> **Information given**
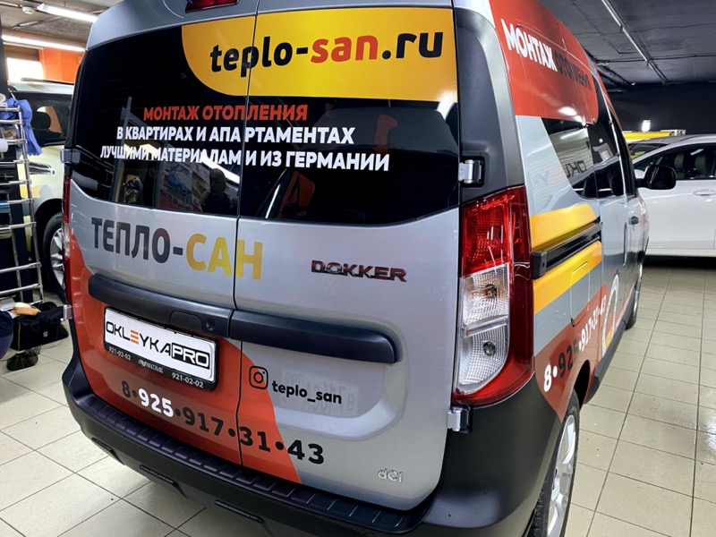 Брендирование автомобиля Рено Доккер в фирменном стиле компании Тепло-сан
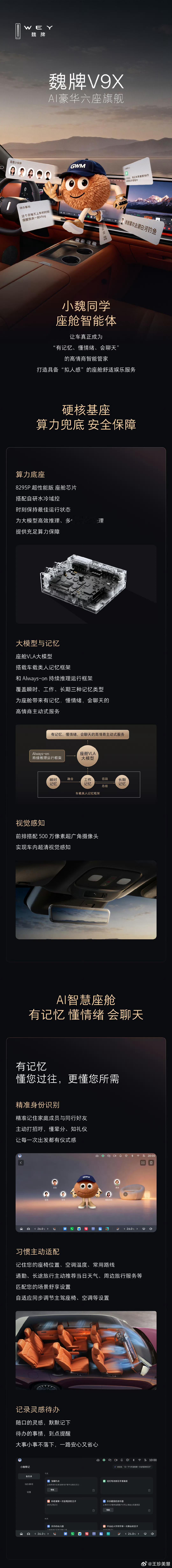 魏牌V9X的“原生AI智能体”,就是把“认人识人”当成了起点,而不是终点。它不仅能精准识别车里的每一个人,还能记住每个人的偏好,甚至能理解人与人之间的关系。它会察言观色,感知你的状态,然后完成适配。比如,它知道主驾是爸爸,副驾是妈妈,后排是孩子,当爸爸说“有点热”的时候,它会智能判断是给全家降温,还是只给后排的孩子调整风向。
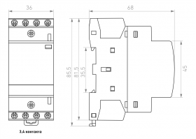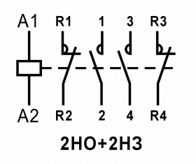 Модульный контактор обладает двумя нормально разомкнутыми (НО) силовыми контактами и двумя нормально замкнутыми (НЗ) контактами. Это позволяет использовать его в различных электрических схемах и обеспечивает гибкость в управлении.
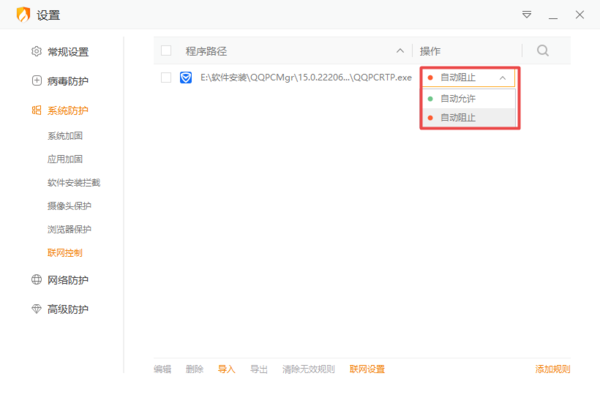 最后,我们将刚刚添加好的程序右侧的【操作】设置为【自动阻止】,便可以成功的阻止该软件联网了。
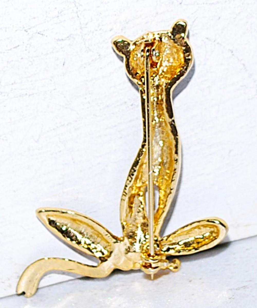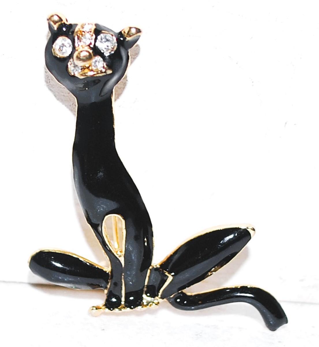 Stately BLACK CAT BROOCH (1¾" x 1½") with Clear Stones Eyes & Mouth and Gold Point Accents on a Gold Tone Setting
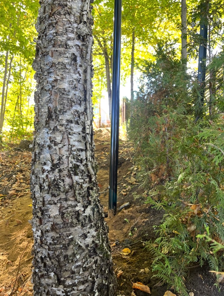 Tous les travaux sont réalisés avec soin, trous creusés à la main, afin de préserver la pelouse, les aménagements et les fleurs.
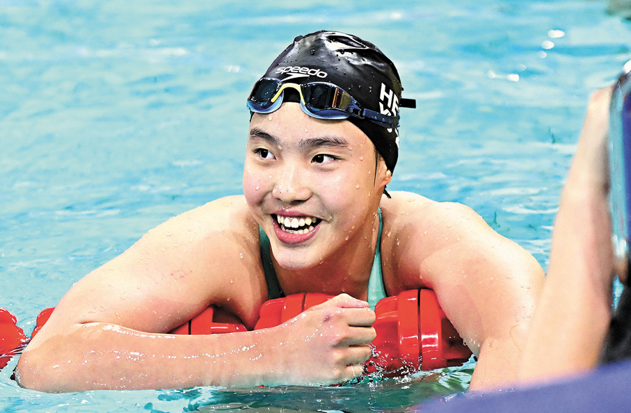 十五運會游泳項目昨日決出四面金牌,依次是男子100米蛙泳、女子100米蝶泳、男子50米蝶泳和女子200米個人混合泳。其中男子100米蛙泳成為焦點賽事。覃海洋以58秒98的成績斬獲金牌,港隊麥世霆以1分0秒53的成績獲得第七。此外,首次參與全運會的13歲小將于子迪驚艷全場,以2分07秒41的女子200米個人混合泳成績摘金,打破了葉詩文在2012年倫敦奧運會上創造的亞洲紀錄。余依婷以2分08秒30的成績獲得銀牌。至於男子50米蝶泳,天津隊王長浩以23秒30成績奪得冠軍。
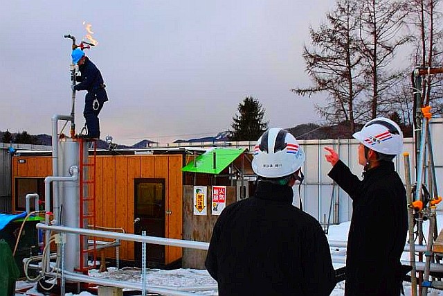960mまでの試掘を開始し、2017年9月から市内で国内初の試験に取り組み、2017年12月には生産施設で天然ガスが燃焼する様子を公開していたが、生産量は想定の3分の1以下にとどまり、現状では事業化は難しいと判断した。
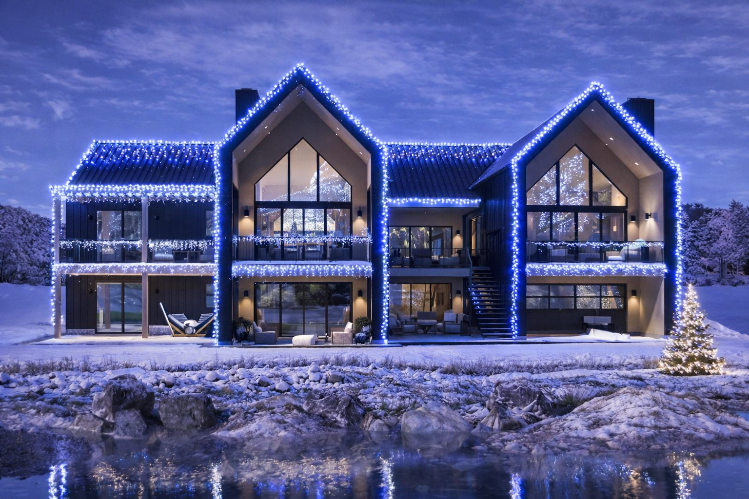 - Abundant windows that bring natural light deep into the interior spaces.
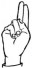 На ћирилици написано БЛАЖА МИНИЋ састоји се из 10 слова [?]. Исписано ћириличном једноручном азбуком за глувонеме:
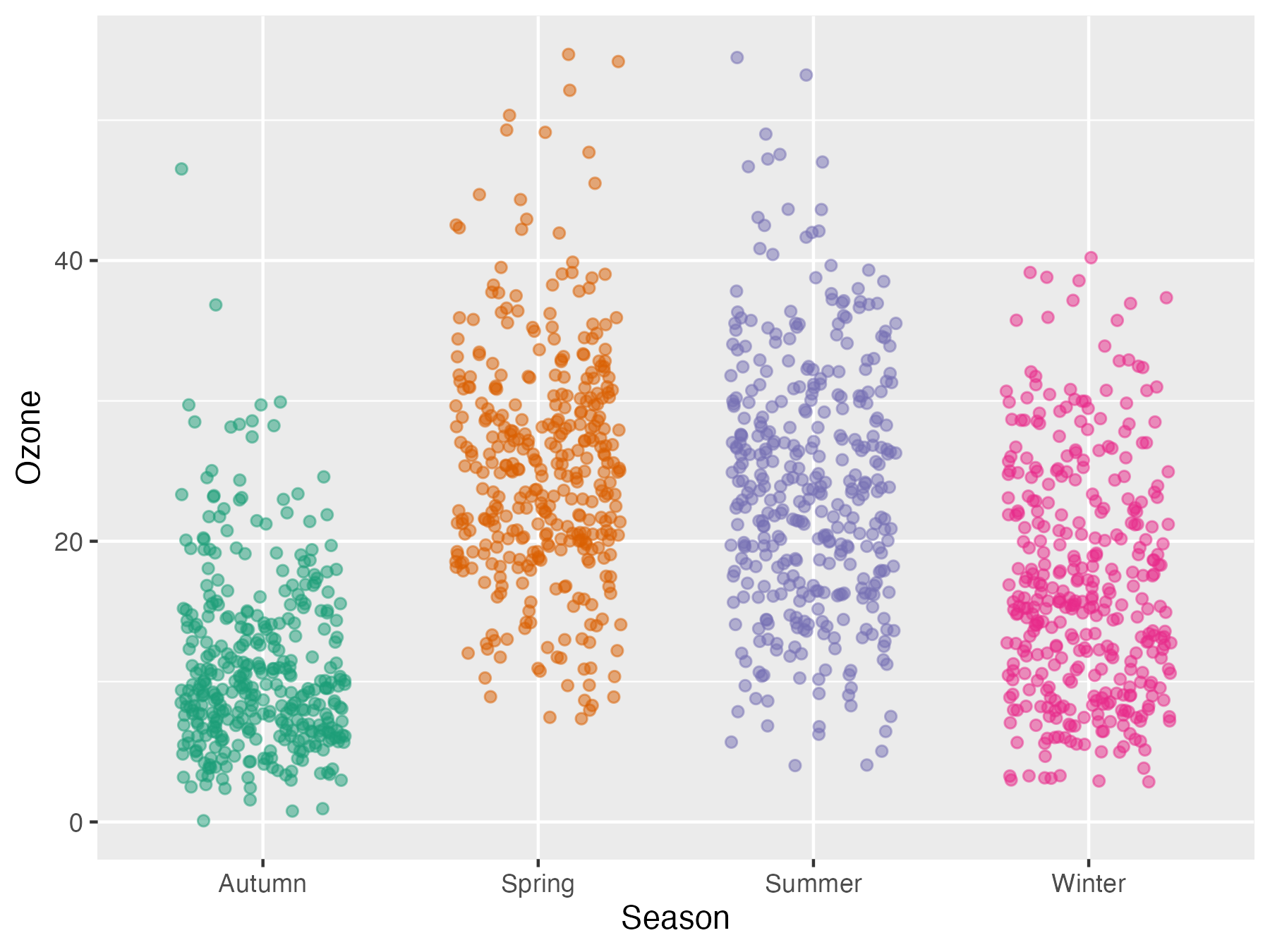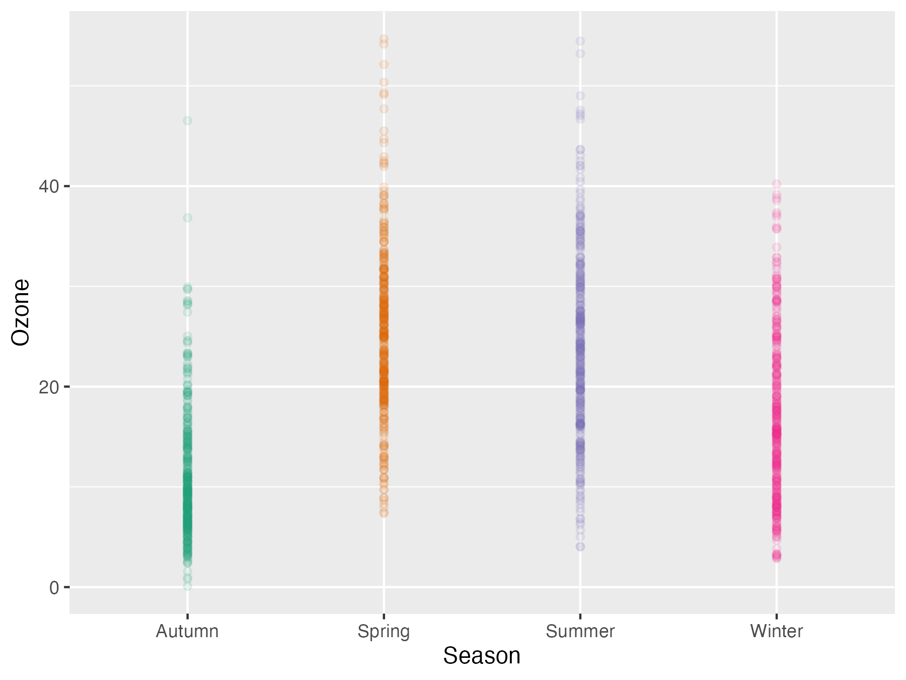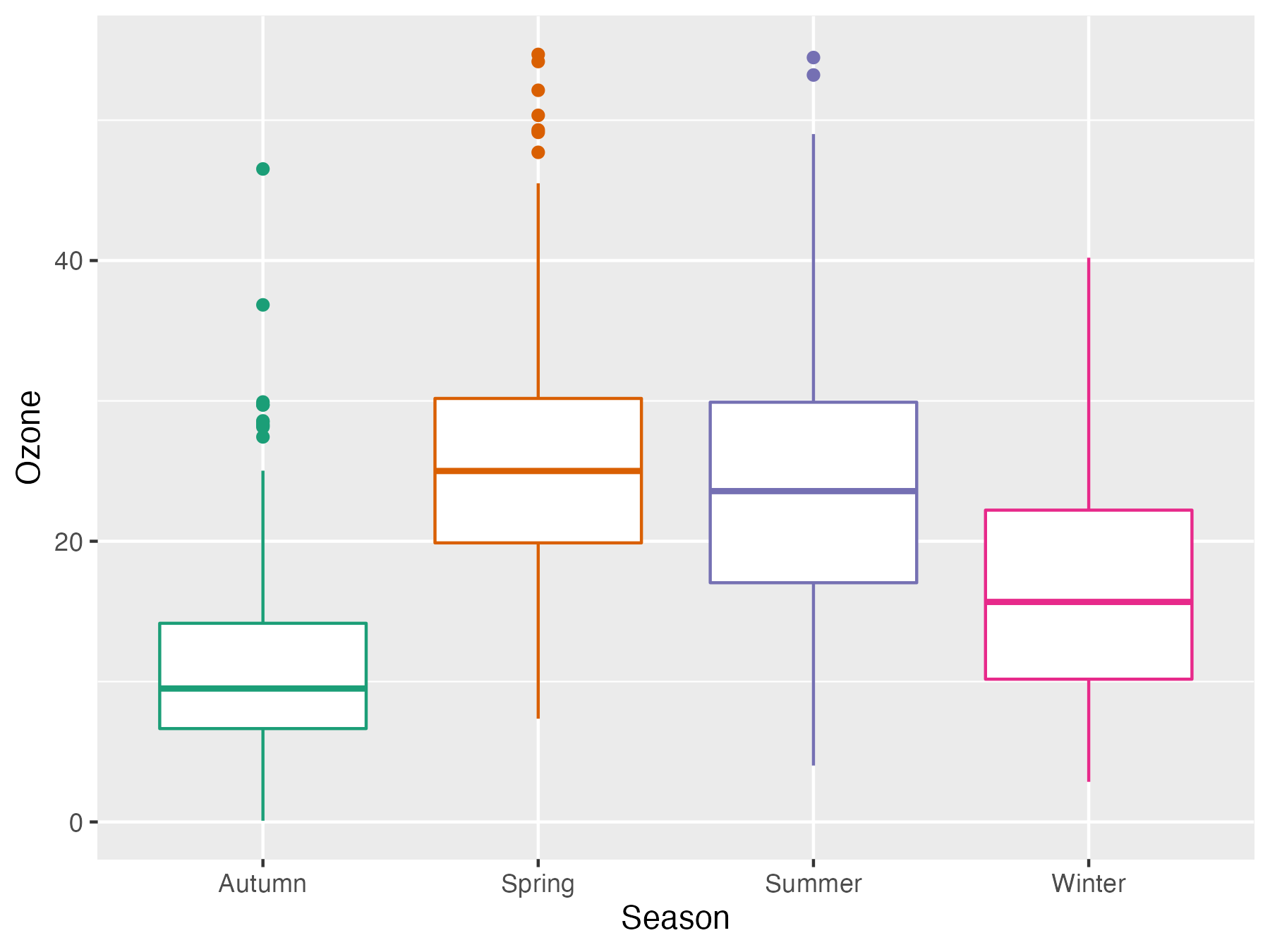g <- ggplot(chic, aes(x = season, y = o3, color = season)) + labs(x = "Season", y = "Ozone") + scale_color_brewer(palette = "Dark2", guide = "none") g + geom_boxplot()

> **Action item**
Reproduce all of the entries above word for word, but leave out their pictures.

> **Written answer**
 Брендирование автомобиля Рено Доккер в фирменном стиле компании Тепло-сан
 魏牌V9X的“原生AI智能体”,就是把“认人识人”当成了起点,而不是终点。它不仅能精准识别车里的每一个人,还能记住每个人的偏好,甚至能理解人与人之间的关系。它会察言观色,感知你的状态,然后完成适配。比如,它知道主驾是爸爸,副驾是妈妈,后排是孩子,当爸爸说“有点热”的时候,它会智能判断是给全家降温,还是只给后排的孩子调整风向。
 Модульный контактор обладает двумя нормально разомкнутыми (НО) силовыми контактами и двумя нормально замкнутыми (НЗ) контактами. Это позволяет использовать его в различных электрических схемах и обеспечивает гибкость в управлении.
 最后,我们将刚刚添加好的程序右侧的【操作】设置为【自动阻止】,便可以成功的阻止该软件联网了。
 Stately BLACK CAT BROOCH (1¾" x 1½") with Clear Stones Eyes & Mouth and Gold Point Accents on a Gold Tone Setting
 Tous les travaux sont réalisés avec soin, trous creusés à la main, afin de préserver la pelouse, les aménagements et les fleurs.
 十五運會游泳項目昨日決出四面金牌,依次是男子100米蛙泳、女子100米蝶泳、男子50米蝶泳和女子200米個人混合泳。其中男子100米蛙泳成為焦點賽事。覃海洋以58秒98的成績斬獲金牌,港隊麥世霆以1分0秒53的成績獲得第七。此外,首次參與全運會的13歲小將于子迪驚艷全場,以2分07秒41的女子200米個人混合泳成績摘金,打破了葉詩文在2012年倫敦奧運會上創造的亞洲紀錄。余依婷以2分08秒30的成績獲得銀牌。至於男子50米蝶泳,天津隊王長浩以23秒30成績奪得冠軍。
960mまでの試掘を開始し、2017年9月から市内で国内初の試験に取り組み、2017年12月には生産施設で天然ガスが燃焼する様子を公開していたが、生産量は想定の3分の1以下にとどまり、現状では事業化は難しいと判断した。
 - Abundant windows that bring natural light deep into the interior spaces.
 На ћирилици написано БЛАЖА МИНИЋ састоји се из 10 слова [?]. Исписано ћириличном једноручном азбуком за глувонеме:
g <- ggplot(chic, aes(x = season, y = o3, color = season)) + labs(x = "Season", y = "Ozone") + scale_color_brewer(palette = "Dark2", guide = "none") g + geom_boxplot()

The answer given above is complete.